A few weeks ago we bought wedding gifts. She insisted that we do this shit in advance, and of course I can’t remember what we bought. Anyway, a few days ago my friend asked if I wanted to go in with him on some wedding gift. When I told Mrs. kkk of this, she said, “You mean he hasn’t bought a gift yet?”

 

Me: “No.”

 

Her: “Why not?”

 

Me: “Because he’s a guy.”

 

A while back I remember this television commercial with this young couple getting each other cards for some occasion. The chick was in some hippie store going through every goddamn card on the shelf (and they indeed do this shit – trust me). The guy was at some Quickie Mart getting beer and just grabbed a card on display at the register. When they swapped cards at the end of the ad, the chick’s panties got all wet because of how sentimental her gentleman caller’s card was. Ugh. The only thing worse than shopping for cards is shopping for clothes. Well, actually, I’d have to say cards are worse because she can NEVER decide on one. Hell, for this wedding, she went to THREE DIFFERENT STORES for a card – a card that, I discovered, cost more than $5. Yeah, yeah yeah, Jew boy. But Jesus Christ, IT’S A CARD. The only reason I open any cards now is in hope that some money falls out. Shopping for clothes is annoying, too, but when I’m with the better half, it’s fun to let her know what I really think of the outfits she picks for herself. Fuck that, I’m not going to lie – if I don’t like something I’m going to say so.
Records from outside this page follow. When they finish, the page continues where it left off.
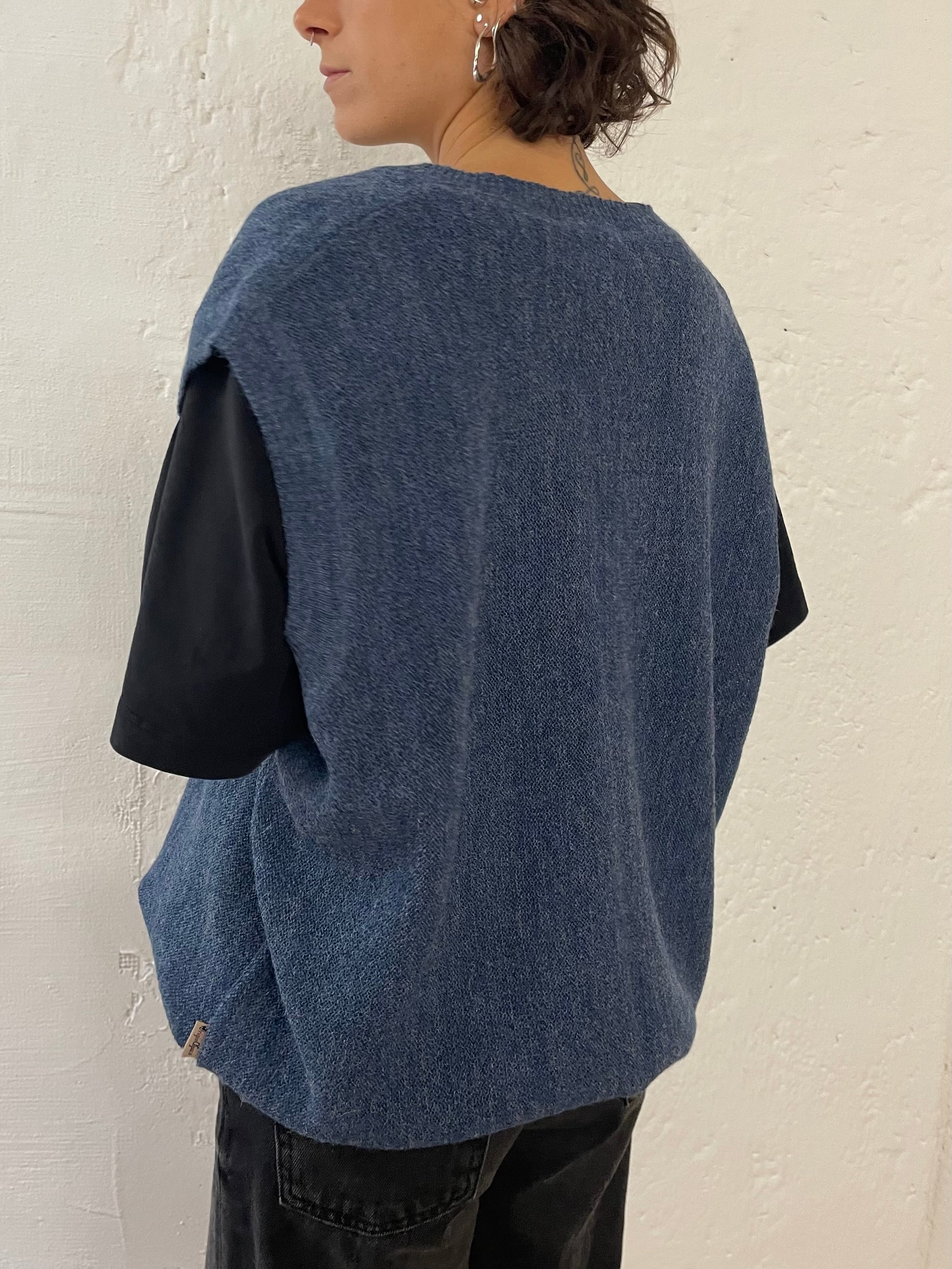 Vintage Alpaca Wool Pullunder – Made in Peru – Blue – Size L
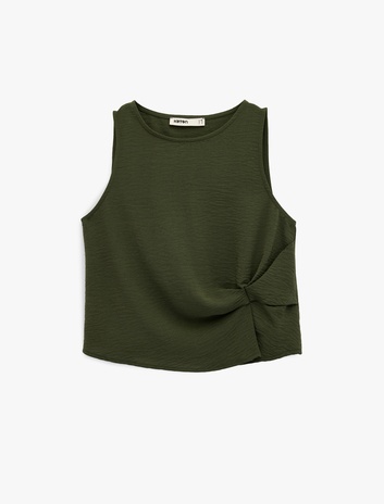 Drape Detaylı Bisiklet Yaka Kolsuz Bluz
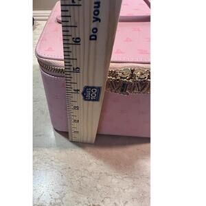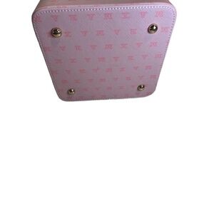 Features: Pink, Monogram Pattern, Gold Hardware, Zip Closure, Top handle, Removable top tray
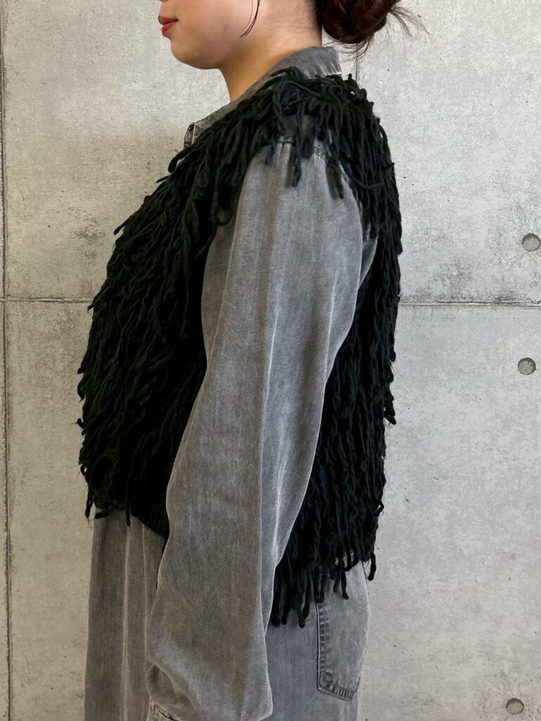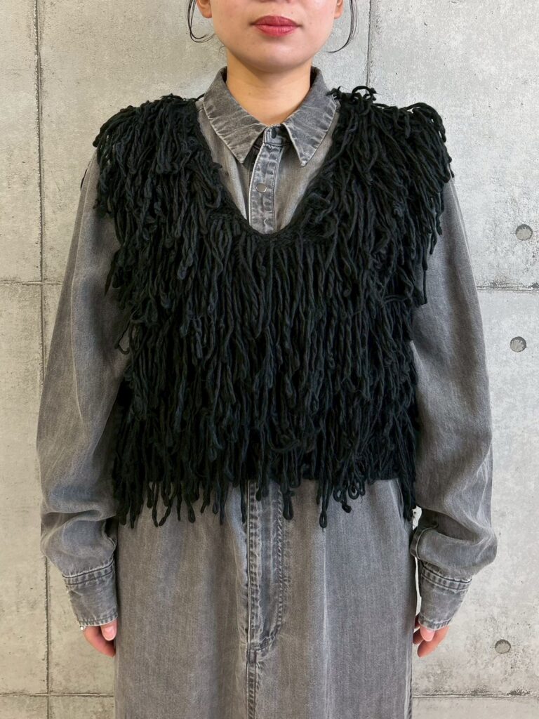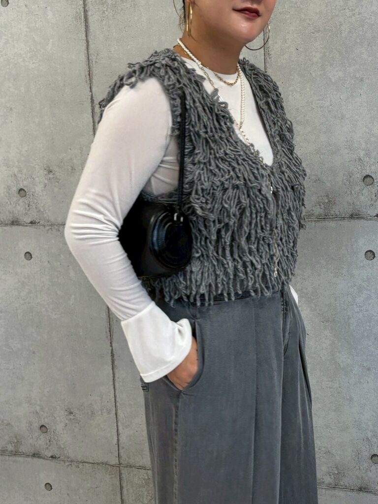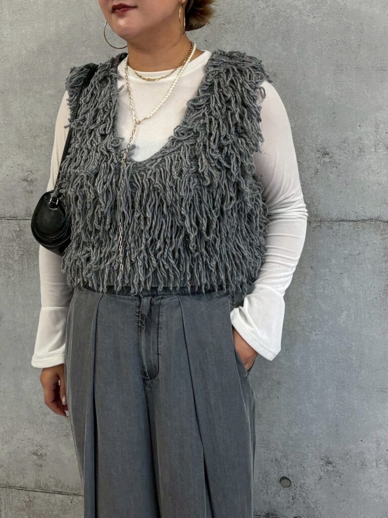 立体感のあるループ編みが特徴的な、存在感たっぷりのデザインベスト。ループ編みがフリンジのように見え、シンプルなコーディネートにプラスするだけでこなれた印象に仕上がります。インナーにはカットソーやシャツはもちろん、ワンピースの上からレイヤードするなど、幅広いスタイリングが楽しめるのも魅力。トレンドのクロップド丈で、ウエスト位置が高く見え、バランスよくスタイルアップ効果も◎。一枚で旬なレイヤードスタイルが完成する、着回し力抜群のアイテムです。
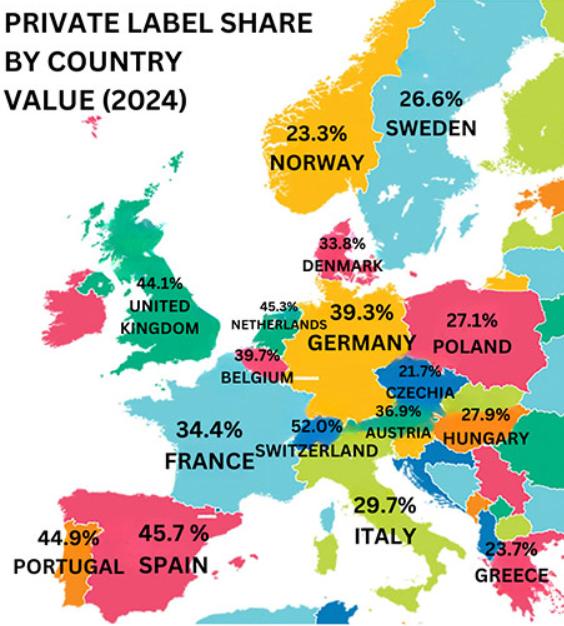 自有商品模式在国外很成熟。《2023年中国商超自有品牌案例报告》显示,Costco的自有品牌科克兰2021年销售额超590亿美元,占总收入的31%。山姆的自有品牌Members Mark销售占比也约为30%。在欧洲,这更是主流趋势。NielsenIQ数据显示,预计2024年自有品牌总销售额将达3520亿欧元,德国、英国和法国这三个最大食品杂货市场的自有品牌合计份额为39.7%。
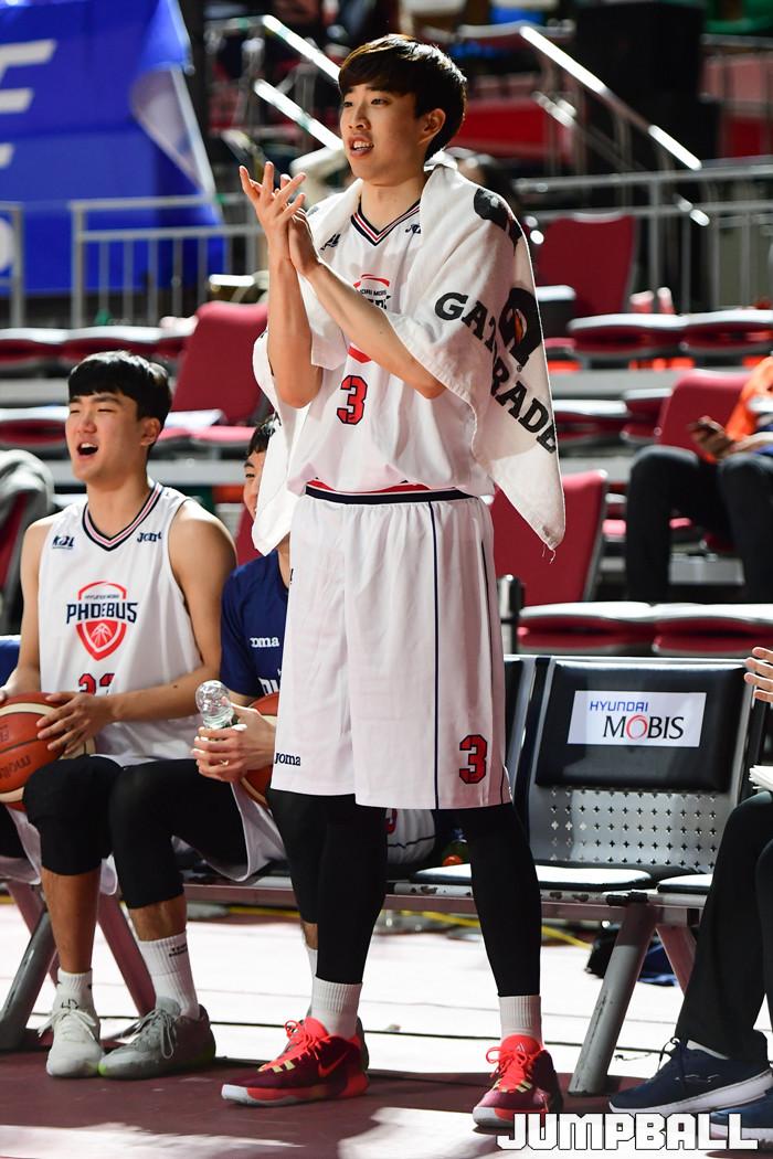[점프볼=잠실학생/박상혁 기자] 13일 잠실학생체육관에서 열린 '2019-2020 KBL D-리그' 창원 LG와 울산 현대모비스의 경기, 벤치에 있는 현대모비스 이진석이 슛이 성공되자 환호하고 있다.
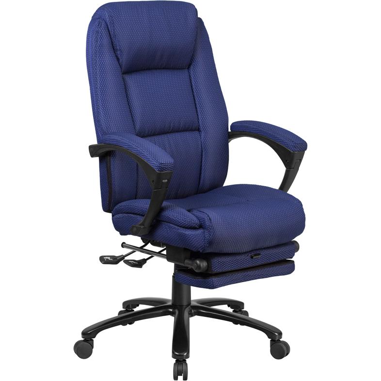 High Back Navy Fabric Executive Reclining Ergonomic Swivel Office Chair with Comfort Coil Seat Springs and Arms
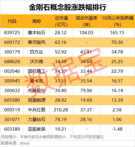行情方面,10月以来,惠丰钻石曾出现大幅上涨,区间最高涨幅一度超4倍,最新涨幅仍超165%。黄河旋风曾一度连续收获5个涨停板,10月至今累计涨幅超70%。四方达、沃尔德、国机精工等10月至今涨幅超20%。
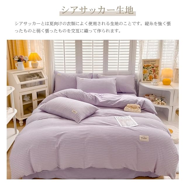 布団カバー 寝具カバー 夏用 3点セット 150×210cmシングル シアサッカー生地 掛け布団カバー ボックスシーツ 枕カバー 洋式・和式兼用 おしゃれ 北欧 肌触り 無地 ベット 洗濯機可 ホテル仕様 丸洗いOK 速乾 オールシーズン
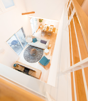 やさしく足元から温める床暖房の暖気を、吹き抜けを利用して家中に供給。のびのびとした快適な暮らしを後押しします。
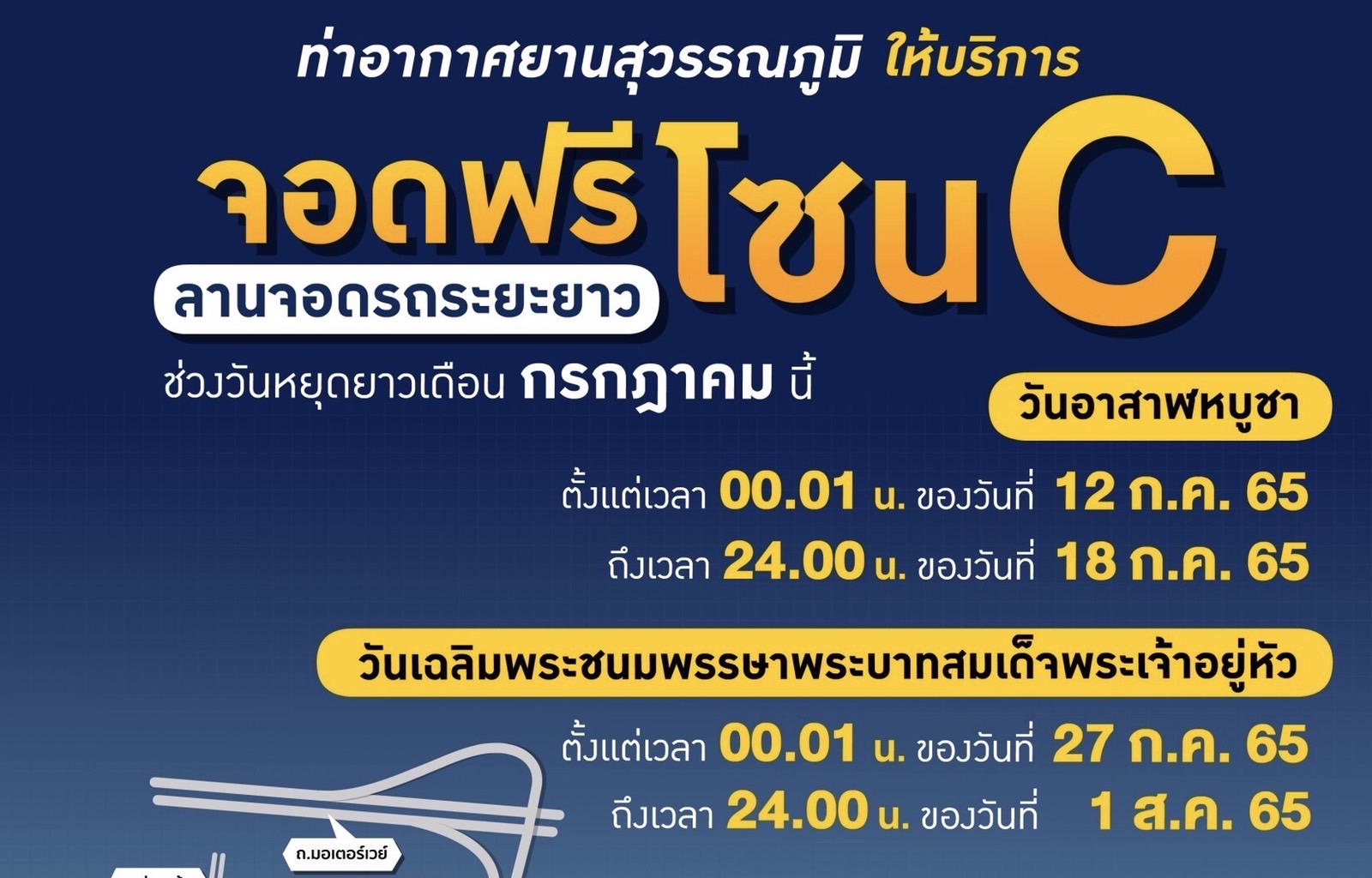 *****วันที่ 6 กรกฎาคม 2565 ท่าอากาศยานสุวรรณภูมิ (ทสภ.) ได้ทำการยกเว้นอัตราค่าบริการจอดรถยนต์ที่ลานจอดรถระยะยาว (Long Term Parking) โซน C ซึ่งสามารถจอดรถยนต์ได้จำนวน 718 คัน ในวันหยุดยาวเดือนกรกฎาคม 2 ช่วง ได้แก่ วันอาสาฬหบูชา ระหว่างวันที่ 12 – 18 กรกฎาคม 2565 ตั้งแต่เวลา 00.01 น. ของวันอังคารที่ 12 กรกฎาคม 2565 ถึงเวลา 24.00 น. ของวันจันทร์ที่ 18 กรกฎาคม 2565 รวมทั้งสิ้น 7 วัน และ วันเฉลิมพระชนมพรรษา พระบาทสมเด็จพระเจ้าอยู่หัว ระหว่างวันที่ 27 กรกฎาคม – 1 สิงหาคม 2565 ตั้งแต่เวลา 00.01 น. ของวันพุธที่ 27 กรกฎาคม 2565 ถึงเวลา 24.00 น. ของวันจันทร์ที่ 1 สิงหาคม 2565 รวมทั้งสิ้น 6 วัน
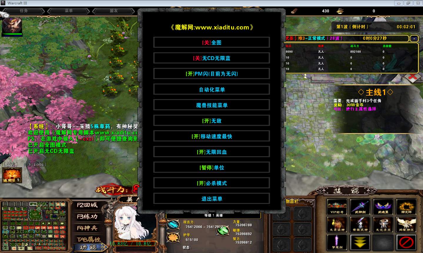 | 技能菜单【光环类技能】 | 自动化菜单【自动加钱木,提升英雄三围】 |
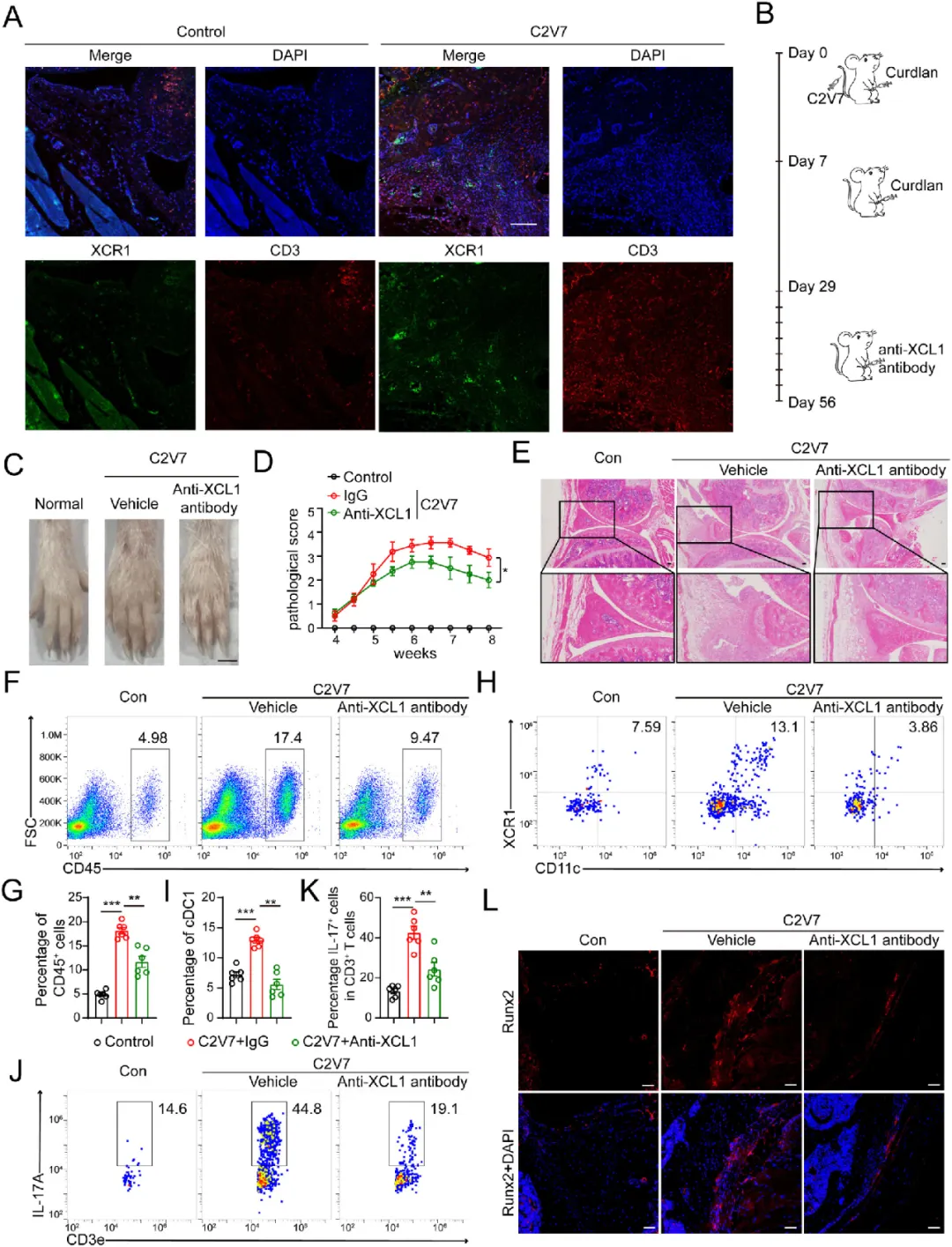 C2V7小鼠关节中cDC1和IL-17A+CD8+T细胞大量浸润,CD8+T细胞占比超CD4+T细胞,且80%以上分泌IL-17A;注射XCL1中和抗体后,小鼠关节肿胀减轻、炎症细胞浸润减少,cDC1和IL-17A+CD3+T细胞积累受阻,异位骨化也得到显著抑制。(图 5,图6 )

Surprisingly enough, she doesn’t get pissed off over this. But she does get psycho when, after looking at a card shelf for 20 minutes and asking me for my opinion of what card to get, I head over to the 99-cent section and grab one without even looking at it. Like I said before: IT’S A CARD and I’M A GUY.

 

10 a.m.

 

• Well, this was a fun day so far. Last night I was watching some History of the Barbarians show. For what reason I have no idea. Well, I fell asleep watching it and swallowed some spit or something. Because my head was at some kind of angle, it went down the wrong pipe or something and I woke up gagging. This has happened to me before and it FUCKING SUCKS. Not only do you gag, but you feel like you're going to throw up. Plus that aftertaste. Blech. I take some Pepto, and although it doesn't cure all the afflictions, that pink stuff tastes a lot better than pseudo-vomit. I then went to bed.

 

This morning I wake up and feel like shit. Not only do I have a fever, but my body is aching like a mo' fo'. Normally I would call off, but I didn't because 1) I'm going to an out-of-state wedding this weekend, meaning the buttload of work on my desk can't get done this Saturday and I don't know if I'd feel like driving in on Sunday to get it done. 2) I have some chick coming in for an asisstant interview, and I didn't want to stand her up. Well, I get into work and I find that this applicant left a message saying she wasn't coming in. Goddamnit. Oh well, at least I didn't have to waste time interviewing her only for her to decline our organization's offer when she gets the pathetic hourly wage being offered of which I have no control over.